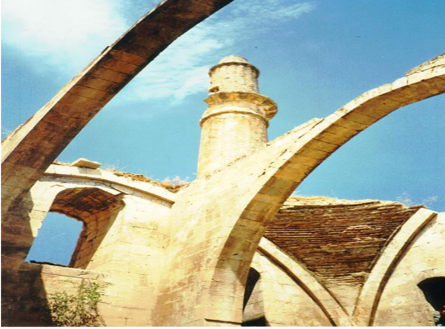
Şekil 11: Kurşunlu Cami'den bir kesit.
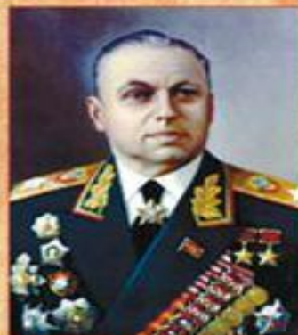
РОКОССОВСКИЙ Константин Константинович (1896 - 1968)
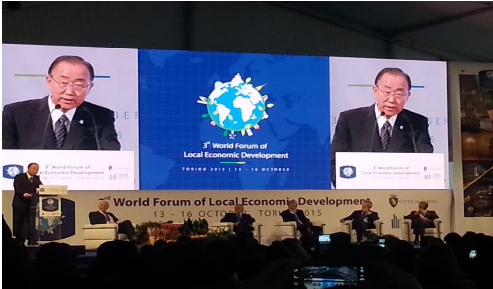
SECRETÁRIO-GERAL DAS NAÇÕES UNIDAS BAN KI MOON NA SEÇÃO PLENÁRIA DE ENCERRAMENTO
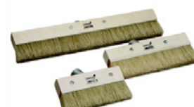
8 Rød/hvid Doodlebug
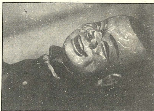
傳統技藝後繼有人，連木偶都笑了
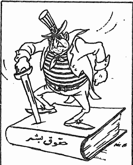
امریکا: هیچ کشوری مثل ما از حقوق بشر دفاع نمی کند. هم اکنون برای دفاع قاطع از حقوق بشومجبور شدیم نیروی فراوانی در کره جنوبی پیاده کنیم. توجه میفرمایید که...!
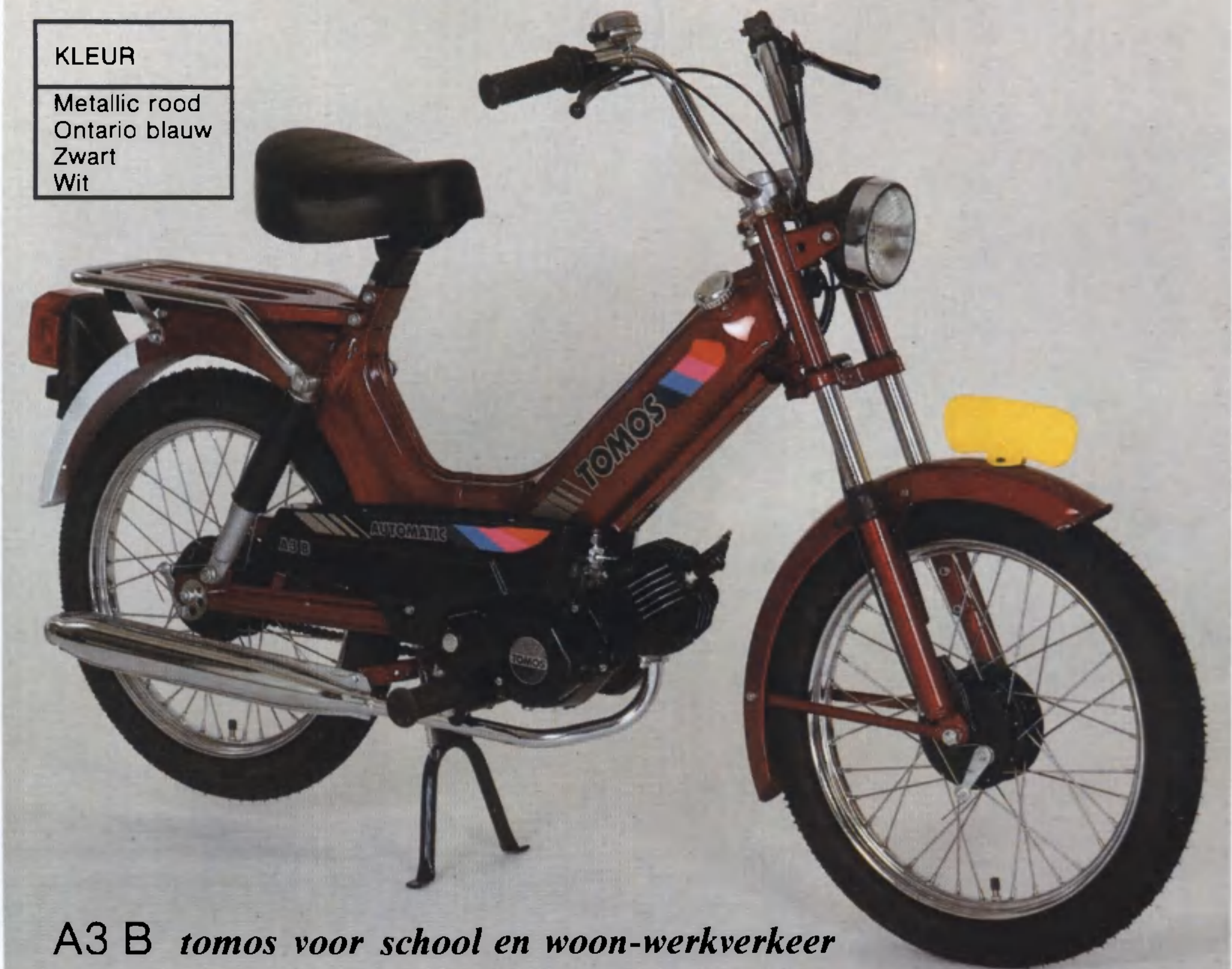
A3 B tomos voor school en woon-werkverkeer
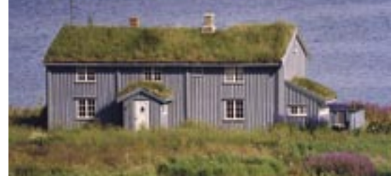
In Skandinavien hat die Dachbegrünung Tradition. En Scandinavie les toits végétalisés sont une tradition.

Auch viele Tierarten können begrünte Dachflächen erreichen und sich dort ansiedeln. Die fortschreitende Überbauung und der zunehmende Nutzungs-

- **Brief**:
Copy out the listing above from the line containing "8 Rød/hvid Doodlebug" to the line containing "A3 B tomos voor school en woon-werkverkeer", both included, exactly as written and minus the images.

- **Task result**:
8 Rød/hvid Doodlebug
傳統技藝後繼有人，連木偶都笑了
امریکا: هیچ کشوری مثل ما از حقوق بشر دفاع نمی کند. هم اکنون برای دفاع قاطع از حقوق بشومجبور شدیم نیروی فراوانی در کره جنوبی پیاده کنیم. توجه میفرمایید که...!
A3 B tomos voor school en woon-werkverkeer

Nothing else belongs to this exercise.